A federal court in New York last week threw out a new Trump administration rule protecting health care professionals who decline to participate in medical procedures that violate their religious conscience, in particular, abortion. U.S. District Judge Paul Engelmayer, in a 147-page opinion, said the U.S. Department of Health and Human Services did not have the authority to issue the new rule, that was set to take effect on Nov. 22.
Mike Chupp, a general surgeon who heads the Christian Medical and Dental Associations, said that unless the ruling is overturned, the result could be devastating. “Without these protections, not just Christians but those medical professionals of any faith will be forced to go underground if they want to continue practicing, to either acquiesce or leave the profession,” he said. That’s consistent with a CMDA-authorized survey from this summer: 91 percent of medical professionals who responded indicated that without conscience protections they would likely leave medicine.

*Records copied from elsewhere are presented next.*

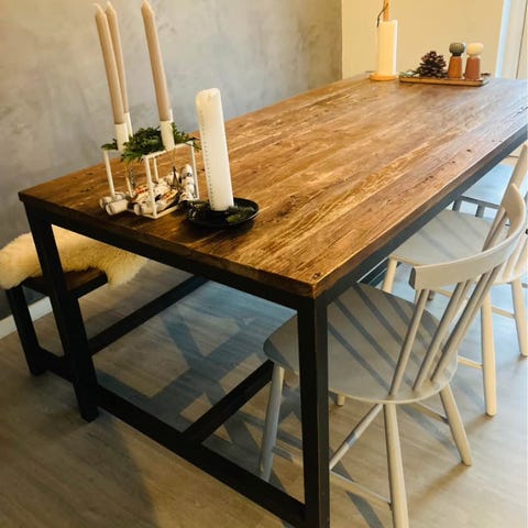 Plankebord med 2 planker i massiv, naturolieret eg. Skrå bordben i sort pulverlakeret metal.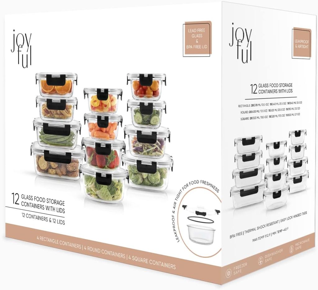 - Versatility: The JoyJolt JoyFul 24pc set offers versatile storage options with 12 airtight, freezer-safe food storage containers and 12 lids, suitable for various types of food and meal prep needs.
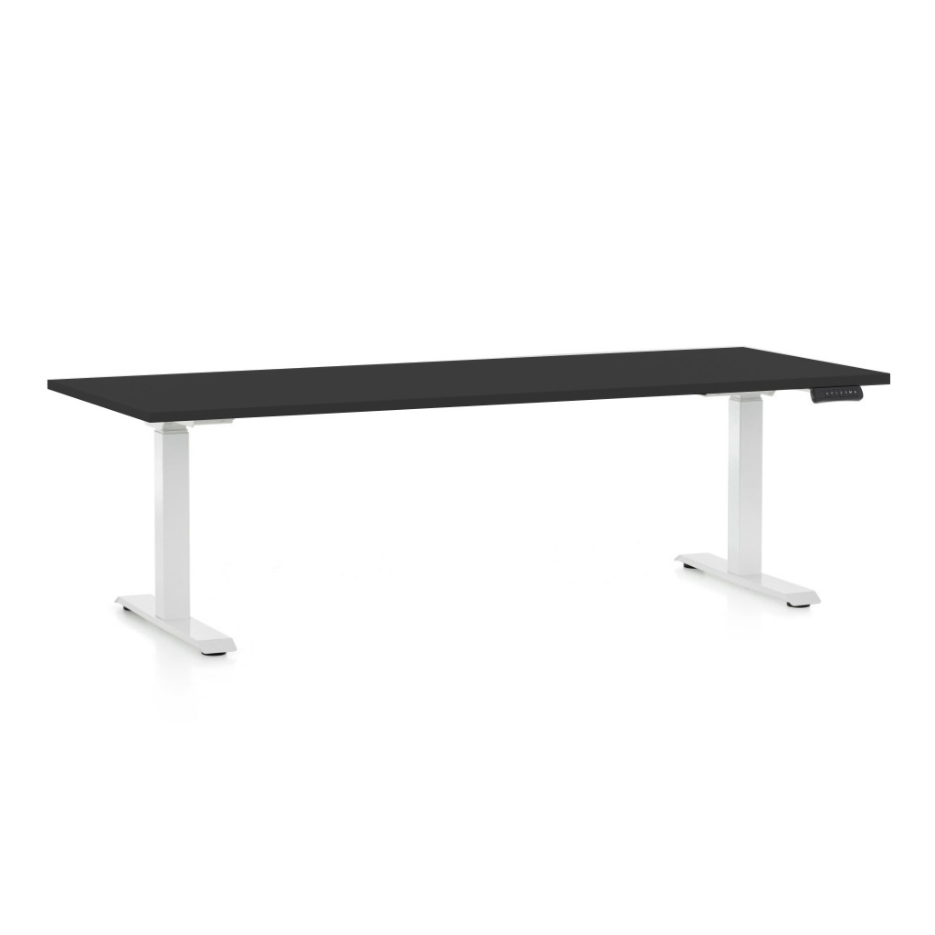 Desky těchto stolů jsou z laminované dřevotřísky s ochrannou ABS hranou. Kovové podnože mají variabilní délku a šířku bezmála 70 cm, což jim zaručí skvělou stabilitu. Napájení řeší kabel do klasické 230V zásuvky.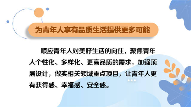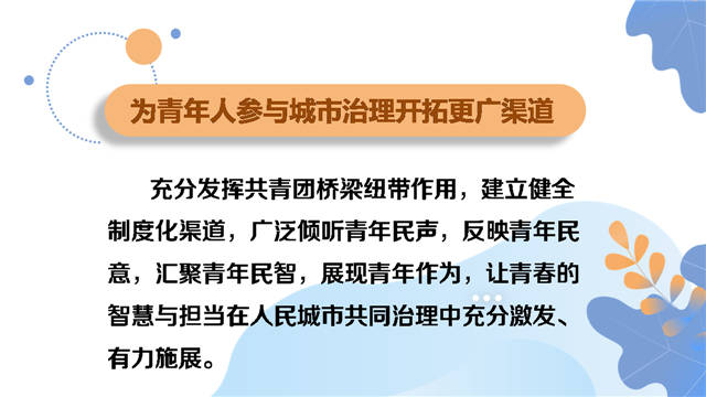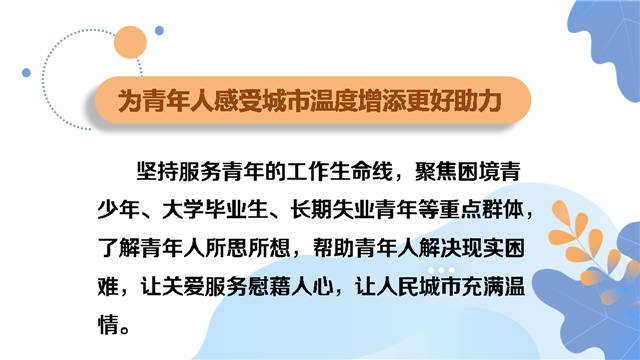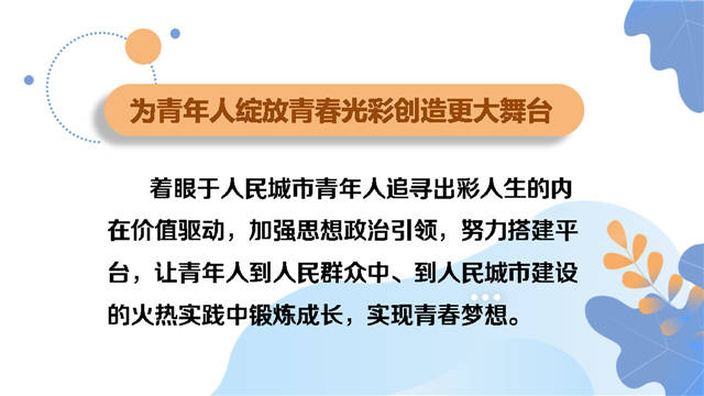 《实施意见》对标“人人都有人生出彩机会、人人都能有序参与治理、人人都能享有品质生活、人人都能切实感受温度、人人都能拥有归属认同”这“五个人人”目标要求,提出“五个为”的努力方向——为青年人绽放青春光彩创造更大舞台,为青年人参与城市治理开拓更广渠道,为青年人享有品质生活提供更多可能,为青年人感受城市温度增添更好助力,为青年人拥有归属认同汇聚更强共识。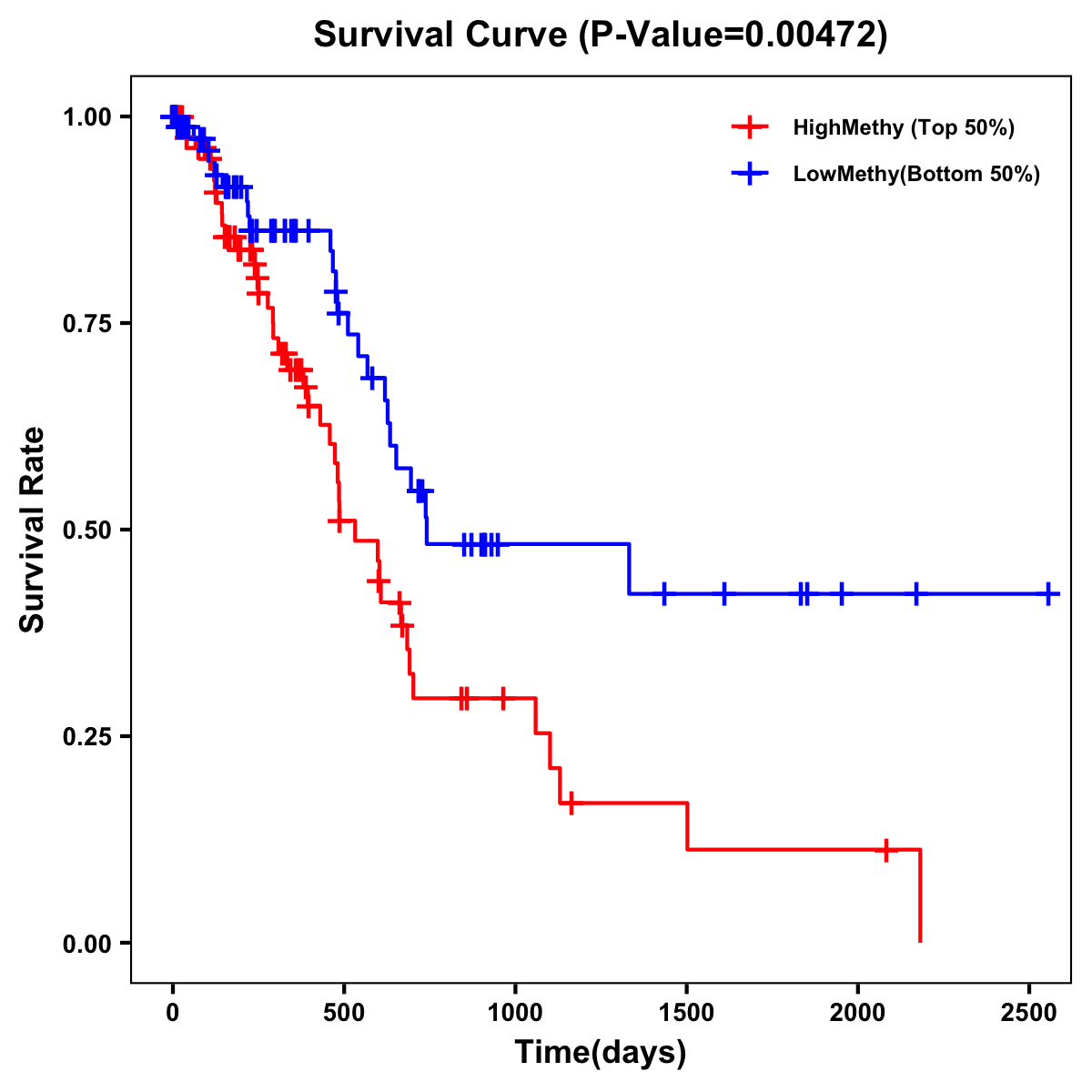| Survival Curve of Pancreatic Cancer of Expression | Survival Curve of Pancreatic Cancer of Methylation | ||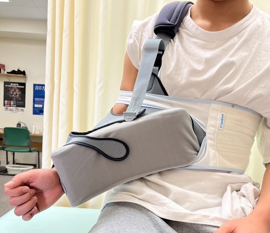 肩関節脱臼では徒手整復後に保存療法と手術の治療がありますが、今回は外旋位固定(写真)とよばれる保存療法で治療を行いました。

The ethical squeeze faced by Christian medical professionals is real. Chupp said a New York practitioner serving disabled patients told him she was fired for counseling patients about abstinence as a method to avoid unwanted pregnancies. Before that, she was chastised for recommending that disabled patients avoid having multiple sexual partners to avoid sexually transmitted diseases.
HHS issued the new conscience rule in May, expanding the number of healthcare professionals covered and buttressing it with sanctions. One provision said healthcare institutions that violated the regulation could lose federal funding. New York and 18 other states, along with Planned Parenthood and other abortion advocacy groups, immediately sued to block the rule.
CMDA and Regina Frost, a New York OB-GYN, intervened in the lawsuit. Their lawyer, Becket counsel Nick Reaves, said the existing statutes and patchwork of regulations weren’t enough to protect Frost and other medical professionals. “Without the regulations to enforce these statutes, the laws are in many ways a dead letter,” he said.
The primary rationale for the new HHS regulations was that enforcement tools were inadequate and more people were filing religious discrimination complaints.
Judge Engelmayer didn’t buy it: “HHS’s central factual claim of a ‘significant increase’ of complaints of Conscience Provision violations is flatly untrue.” He found that only seven of the 336 complaints cited by HHS related to the conscience provisions at issue.
But Chupp said there was a reason for a lack of complaints. “The risks are too high and the possibility of protection by the federal government too low,” he said, adding that doctors face tremendous peer pressure, the possibility of being fired, and financial ruin if they go against the grain.
Chupp is hopeful either the appeal is successful or HHS will be able to revise the rules to pass muster by the court. Otherwise, he said, “It would be a real loss.”
HHS may need further guidance from a federal appeals court. An October ruling by U.S. District Judge Reed O’Connor of Texas blocked a part of the Affordable Care Act barring discrimination in healthcare based on “gender identity and termination of pregnancy,” sending the matter back to HHS for reconsideration. These twin decisions are not necessarily incompatible, but at least muddy the water and may leave agency regulators hesitant to make the next move.